RECORD EXCERPTS:
☆ ☆ ☆

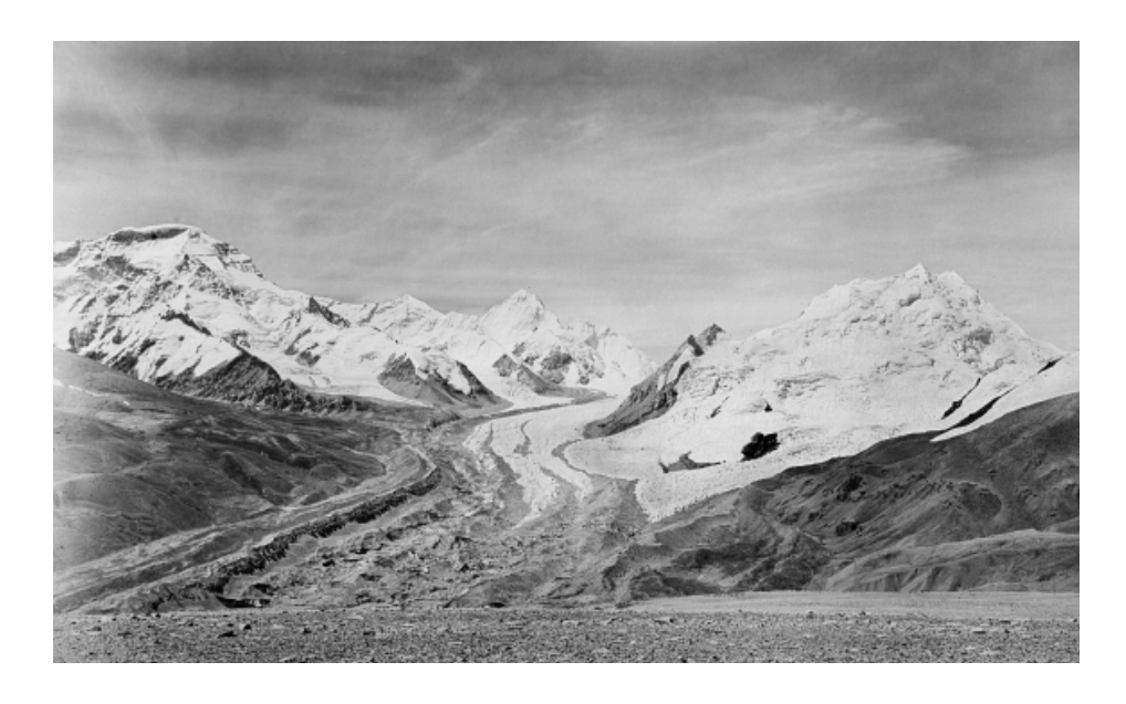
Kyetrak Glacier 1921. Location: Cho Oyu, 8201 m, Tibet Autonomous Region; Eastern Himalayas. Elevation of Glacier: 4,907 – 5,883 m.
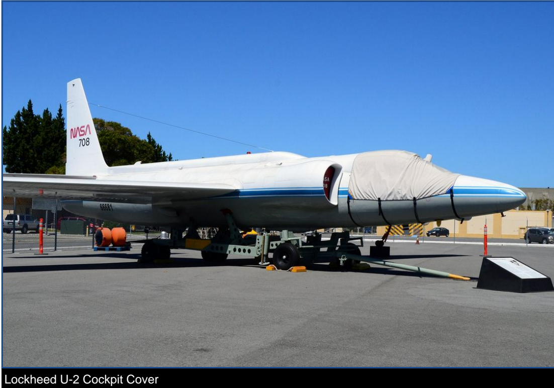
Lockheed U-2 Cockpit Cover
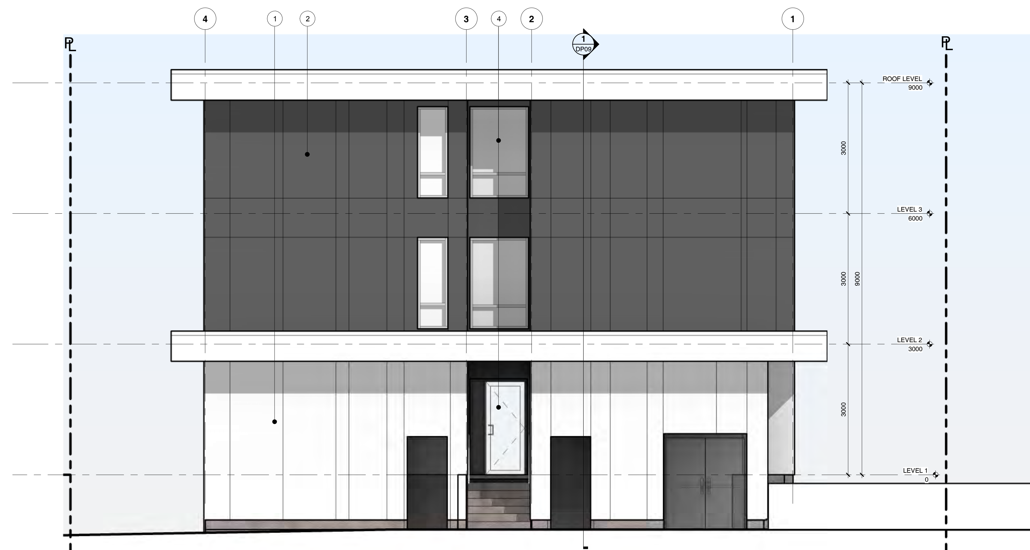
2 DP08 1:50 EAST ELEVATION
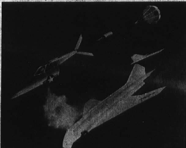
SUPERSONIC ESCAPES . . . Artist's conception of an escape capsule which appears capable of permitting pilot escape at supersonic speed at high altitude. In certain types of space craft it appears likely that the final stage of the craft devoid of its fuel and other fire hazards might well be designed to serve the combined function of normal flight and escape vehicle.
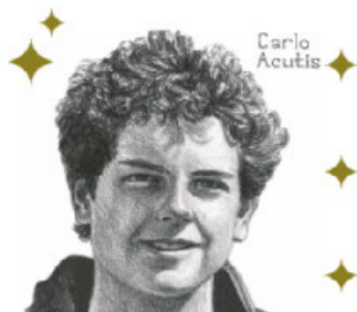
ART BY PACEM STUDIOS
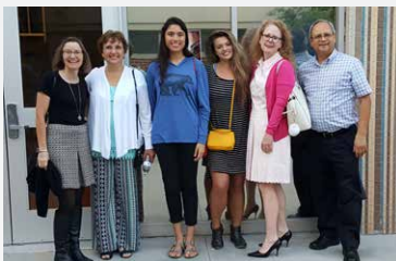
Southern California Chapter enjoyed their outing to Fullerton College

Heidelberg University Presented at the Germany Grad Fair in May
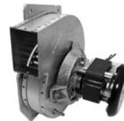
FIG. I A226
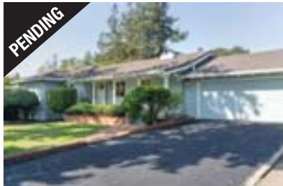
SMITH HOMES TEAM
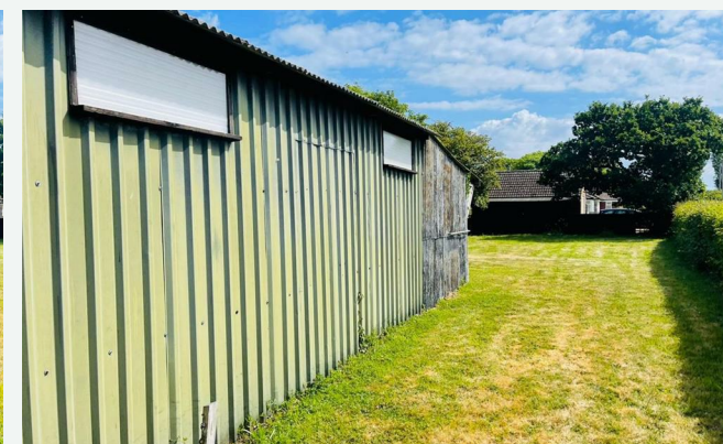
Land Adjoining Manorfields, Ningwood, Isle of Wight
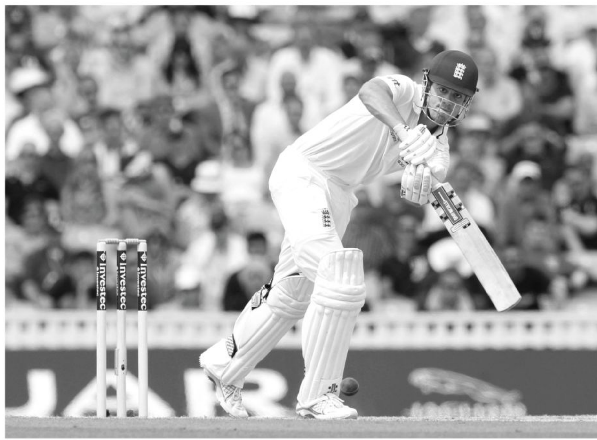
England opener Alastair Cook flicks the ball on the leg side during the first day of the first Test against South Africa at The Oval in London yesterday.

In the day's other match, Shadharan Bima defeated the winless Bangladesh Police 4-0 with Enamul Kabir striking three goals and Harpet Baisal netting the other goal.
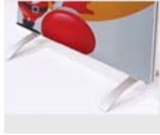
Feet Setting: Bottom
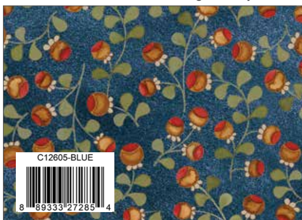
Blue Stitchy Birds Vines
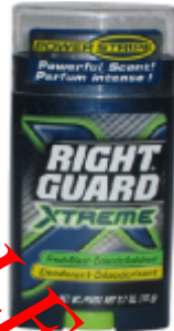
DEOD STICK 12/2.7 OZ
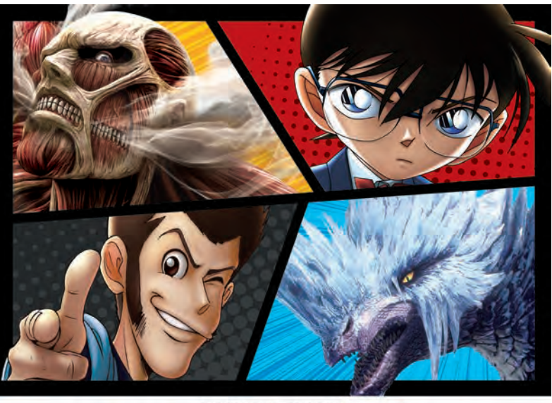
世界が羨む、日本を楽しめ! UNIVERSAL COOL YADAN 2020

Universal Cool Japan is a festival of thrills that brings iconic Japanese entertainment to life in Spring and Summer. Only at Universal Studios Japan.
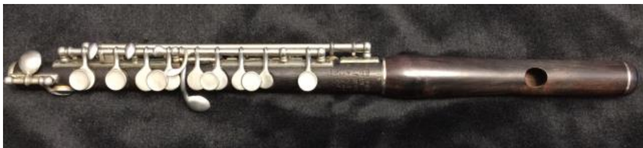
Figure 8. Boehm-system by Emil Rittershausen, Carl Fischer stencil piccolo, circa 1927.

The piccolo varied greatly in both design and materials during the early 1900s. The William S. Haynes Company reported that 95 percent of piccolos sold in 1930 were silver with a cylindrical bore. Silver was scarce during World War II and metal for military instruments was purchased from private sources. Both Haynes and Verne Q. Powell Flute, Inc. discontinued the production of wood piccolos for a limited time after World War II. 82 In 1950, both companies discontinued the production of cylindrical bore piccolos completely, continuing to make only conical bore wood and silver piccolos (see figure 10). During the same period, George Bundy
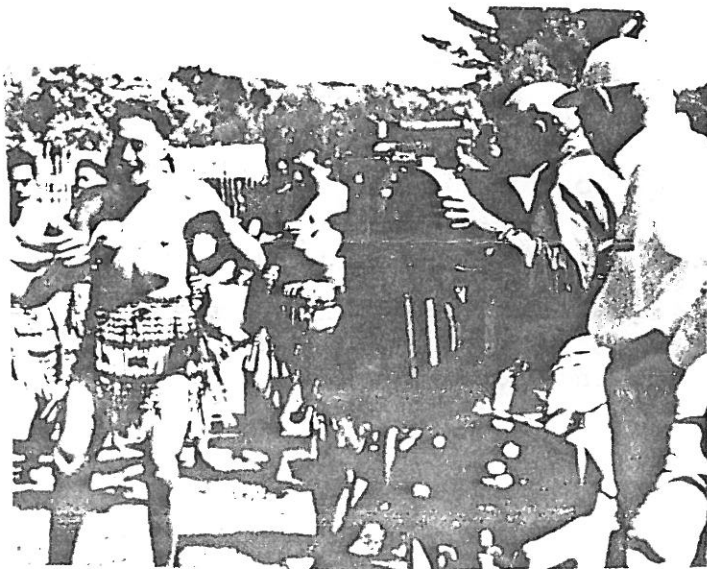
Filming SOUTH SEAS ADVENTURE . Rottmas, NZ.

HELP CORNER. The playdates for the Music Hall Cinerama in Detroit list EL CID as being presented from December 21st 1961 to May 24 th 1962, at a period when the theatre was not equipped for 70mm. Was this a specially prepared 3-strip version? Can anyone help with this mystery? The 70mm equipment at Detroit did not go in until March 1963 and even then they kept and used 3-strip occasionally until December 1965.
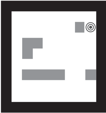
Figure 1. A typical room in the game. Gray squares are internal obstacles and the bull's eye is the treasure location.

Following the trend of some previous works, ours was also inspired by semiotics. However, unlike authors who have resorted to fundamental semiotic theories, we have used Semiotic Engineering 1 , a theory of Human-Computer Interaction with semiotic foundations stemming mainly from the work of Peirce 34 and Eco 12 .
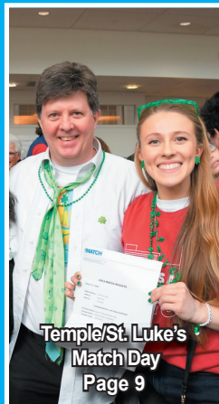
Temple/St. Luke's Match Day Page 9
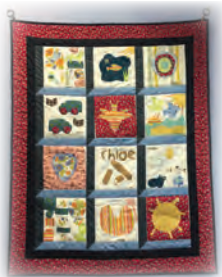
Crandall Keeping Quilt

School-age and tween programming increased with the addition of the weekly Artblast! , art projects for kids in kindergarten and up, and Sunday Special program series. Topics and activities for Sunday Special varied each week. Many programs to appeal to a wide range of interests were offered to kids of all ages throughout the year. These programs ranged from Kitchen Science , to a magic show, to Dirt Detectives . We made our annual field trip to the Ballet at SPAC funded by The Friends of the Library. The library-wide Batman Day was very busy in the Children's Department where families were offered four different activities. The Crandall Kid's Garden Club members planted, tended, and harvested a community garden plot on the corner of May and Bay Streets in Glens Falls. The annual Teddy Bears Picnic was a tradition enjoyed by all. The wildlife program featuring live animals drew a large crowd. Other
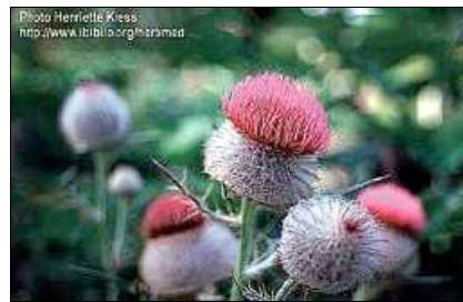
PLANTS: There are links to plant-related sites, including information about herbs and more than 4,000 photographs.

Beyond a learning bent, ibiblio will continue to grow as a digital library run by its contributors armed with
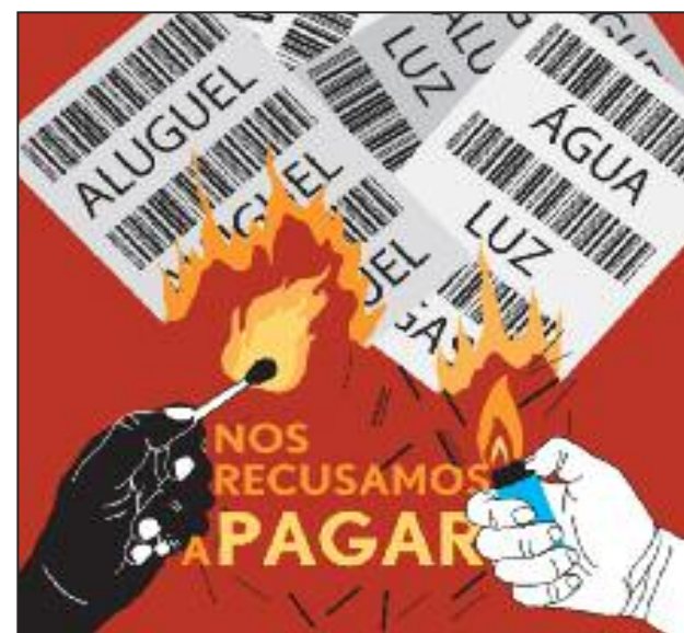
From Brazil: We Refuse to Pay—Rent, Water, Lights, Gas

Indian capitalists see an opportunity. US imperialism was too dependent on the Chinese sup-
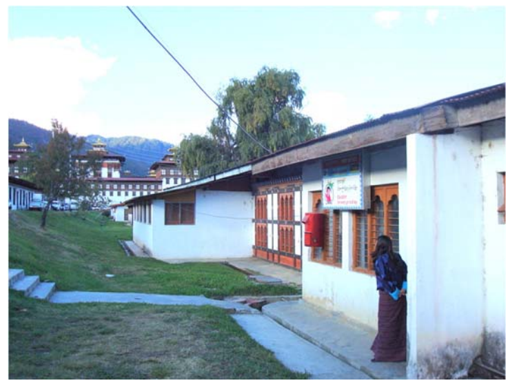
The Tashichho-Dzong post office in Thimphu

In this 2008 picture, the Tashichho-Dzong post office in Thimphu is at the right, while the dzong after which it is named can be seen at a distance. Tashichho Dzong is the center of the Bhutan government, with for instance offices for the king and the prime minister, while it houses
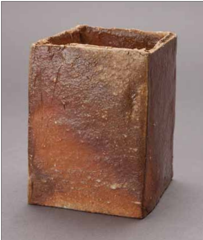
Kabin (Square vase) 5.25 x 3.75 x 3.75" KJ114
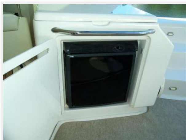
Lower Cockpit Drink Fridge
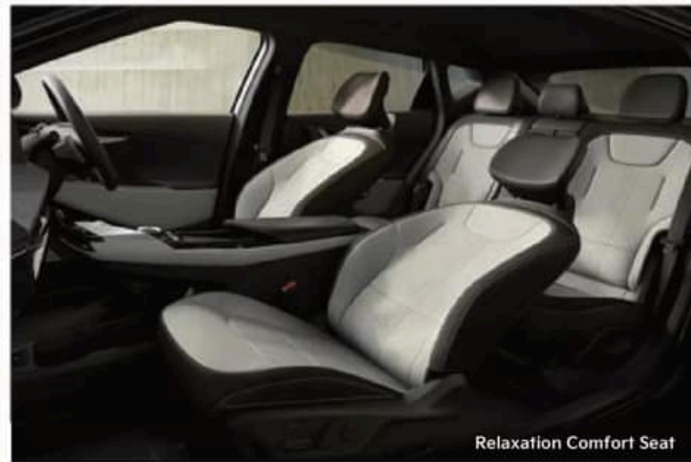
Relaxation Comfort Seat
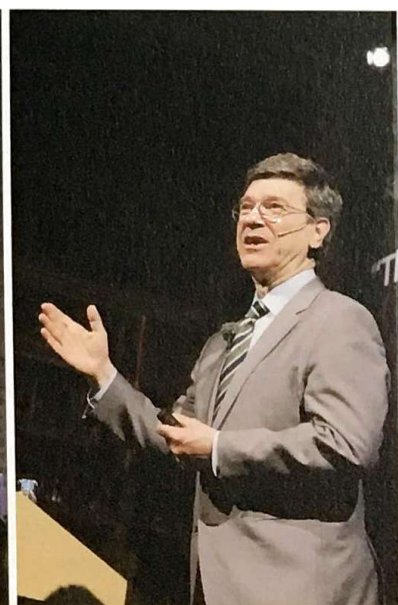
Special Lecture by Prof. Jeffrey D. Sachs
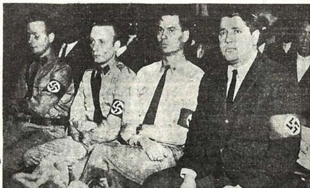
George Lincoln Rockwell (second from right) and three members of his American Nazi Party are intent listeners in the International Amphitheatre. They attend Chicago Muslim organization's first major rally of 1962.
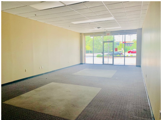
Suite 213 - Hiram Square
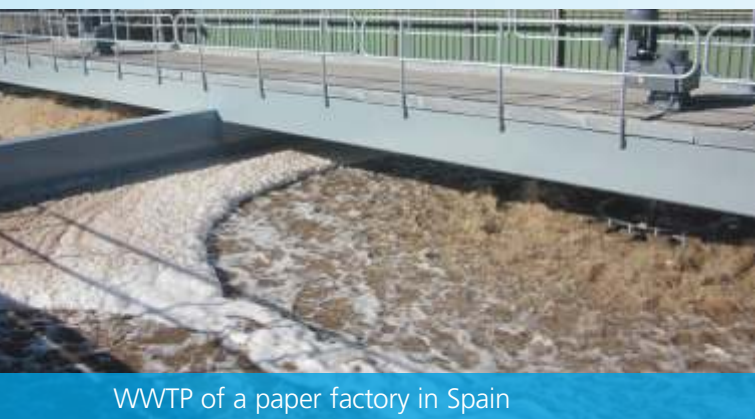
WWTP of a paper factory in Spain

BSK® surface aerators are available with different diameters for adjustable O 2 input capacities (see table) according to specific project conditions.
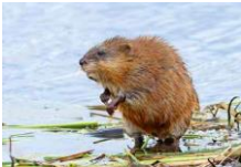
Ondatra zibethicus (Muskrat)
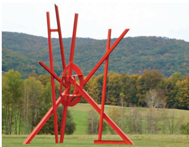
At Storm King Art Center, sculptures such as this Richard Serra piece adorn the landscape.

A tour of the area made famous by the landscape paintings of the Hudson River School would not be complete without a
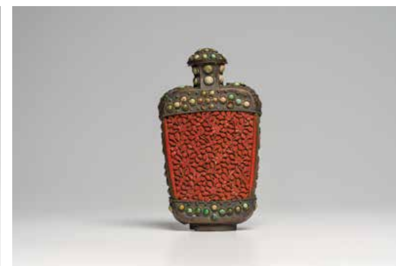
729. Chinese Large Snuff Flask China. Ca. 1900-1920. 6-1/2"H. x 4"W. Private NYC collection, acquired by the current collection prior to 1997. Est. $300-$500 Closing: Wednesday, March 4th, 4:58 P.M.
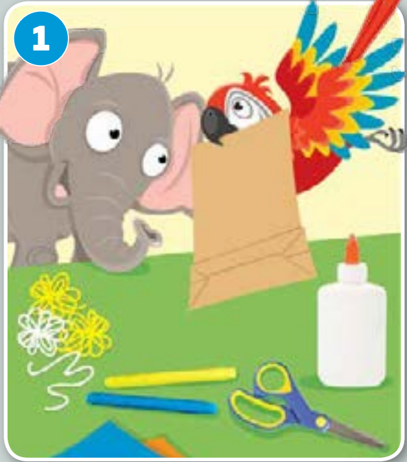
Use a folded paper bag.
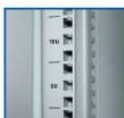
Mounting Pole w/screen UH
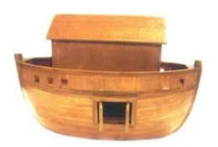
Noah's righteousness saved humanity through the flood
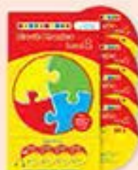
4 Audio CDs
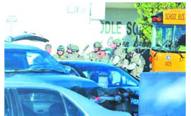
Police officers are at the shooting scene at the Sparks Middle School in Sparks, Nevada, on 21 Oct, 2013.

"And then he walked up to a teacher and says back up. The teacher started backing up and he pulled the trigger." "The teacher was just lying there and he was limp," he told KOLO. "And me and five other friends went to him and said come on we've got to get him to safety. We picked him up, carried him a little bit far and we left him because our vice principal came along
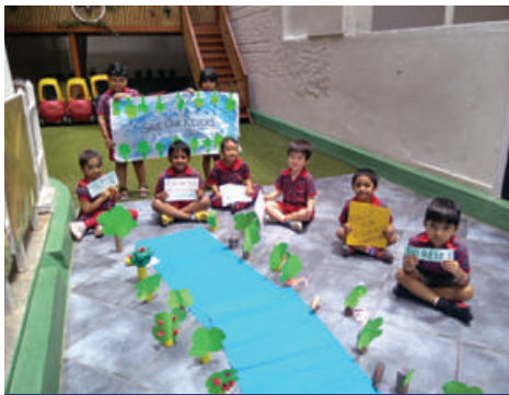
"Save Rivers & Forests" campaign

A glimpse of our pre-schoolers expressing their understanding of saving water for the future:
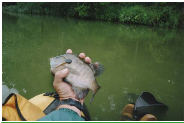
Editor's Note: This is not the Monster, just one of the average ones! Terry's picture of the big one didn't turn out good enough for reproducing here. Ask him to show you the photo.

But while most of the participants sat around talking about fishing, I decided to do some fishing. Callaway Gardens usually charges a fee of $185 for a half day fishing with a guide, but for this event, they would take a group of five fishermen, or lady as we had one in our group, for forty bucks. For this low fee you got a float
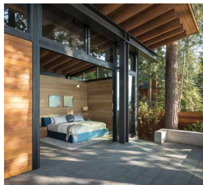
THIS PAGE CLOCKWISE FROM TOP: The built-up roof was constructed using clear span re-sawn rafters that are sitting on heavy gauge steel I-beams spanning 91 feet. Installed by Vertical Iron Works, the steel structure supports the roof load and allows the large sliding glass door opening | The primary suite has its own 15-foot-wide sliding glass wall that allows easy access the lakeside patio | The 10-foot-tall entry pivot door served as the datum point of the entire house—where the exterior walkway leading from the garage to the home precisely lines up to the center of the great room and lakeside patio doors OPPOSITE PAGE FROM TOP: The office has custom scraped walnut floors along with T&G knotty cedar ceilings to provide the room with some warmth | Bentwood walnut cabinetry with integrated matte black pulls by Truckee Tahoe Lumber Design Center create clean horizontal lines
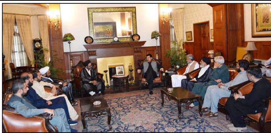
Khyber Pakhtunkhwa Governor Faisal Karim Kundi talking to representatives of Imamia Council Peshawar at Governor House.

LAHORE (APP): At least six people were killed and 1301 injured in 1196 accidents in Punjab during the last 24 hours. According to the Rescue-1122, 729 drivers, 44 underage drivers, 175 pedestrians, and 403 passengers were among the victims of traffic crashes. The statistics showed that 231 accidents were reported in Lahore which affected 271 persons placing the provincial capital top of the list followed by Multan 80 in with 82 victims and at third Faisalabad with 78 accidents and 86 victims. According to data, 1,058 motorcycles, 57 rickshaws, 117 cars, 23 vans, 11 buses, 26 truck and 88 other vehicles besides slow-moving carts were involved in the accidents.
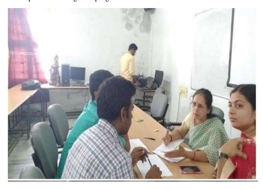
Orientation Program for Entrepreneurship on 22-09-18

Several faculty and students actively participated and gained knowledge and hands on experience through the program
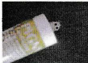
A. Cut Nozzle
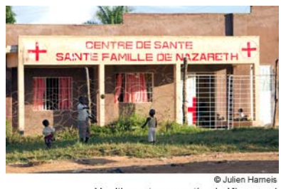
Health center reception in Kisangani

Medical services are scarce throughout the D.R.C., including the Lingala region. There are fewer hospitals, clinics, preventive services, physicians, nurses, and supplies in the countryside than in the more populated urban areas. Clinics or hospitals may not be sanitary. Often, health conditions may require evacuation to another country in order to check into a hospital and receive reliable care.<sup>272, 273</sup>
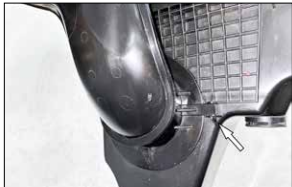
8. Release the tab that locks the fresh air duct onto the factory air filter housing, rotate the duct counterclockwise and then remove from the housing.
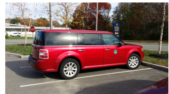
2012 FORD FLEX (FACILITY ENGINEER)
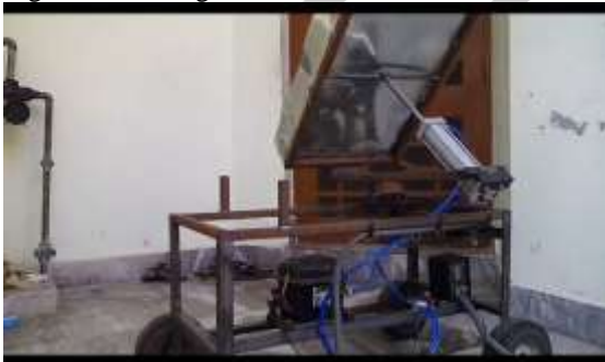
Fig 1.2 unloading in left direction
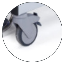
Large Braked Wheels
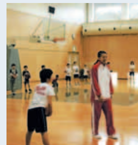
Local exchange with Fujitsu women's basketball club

☆ ☆ ☆

WORK TO BE COMPLETED: From the records above, copy only the lines running from the line containing "Feet Setting: Bottom" to the line containing "Figure 1. A", both ends included. Leave the pictures out.

RESPONSE TO THE EXERCISE:
Feet Setting: Bottom
Blue Stitchy Birds Vines
DEOD STICK 12/2.7 OZ
世界が羨む、日本を楽しめ! UNIVERSAL COOL YADAN 2020

Universal Cool Japan is a festival of thrills that brings iconic Japanese entertainment to life in Spring and Summer. Only at Universal Studios Japan.
Figure 8. Boehm-system by Emil Rittershausen, Carl Fischer stencil piccolo, circa 1927.

The piccolo varied greatly in both design and materials during the early 1900s. The William S. Haynes Company reported that 95 percent of piccolos sold in 1930 were silver with a cylindrical bore. Silver was scarce during World War II and metal for military instruments was purchased from private sources. Both Haynes and Verne Q. Powell Flute, Inc. discontinued the production of wood piccolos for a limited time after World War II. 82 In 1950, both companies discontinued the production of cylindrical bore piccolos completely, continuing to make only conical bore wood and silver piccolos (see figure 10). During the same period, George Bundy
Filming SOUTH SEAS ADVENTURE . Rottmas, NZ.

HELP CORNER. The playdates for the Music Hall Cinerama in Detroit list EL CID as being presented from December 21st 1961 to May 24 th 1962, at a period when the theatre was not equipped for 70mm. Was this a specially prepared 3-strip version? Can anyone help with this mystery? The 70mm equipment at Detroit did not go in until March 1963 and even then they kept and used 3-strip occasionally until December 1965.
Figure 1. A typical room in the game. Gray squares are internal obstacles and the bull's eye is the treasure location.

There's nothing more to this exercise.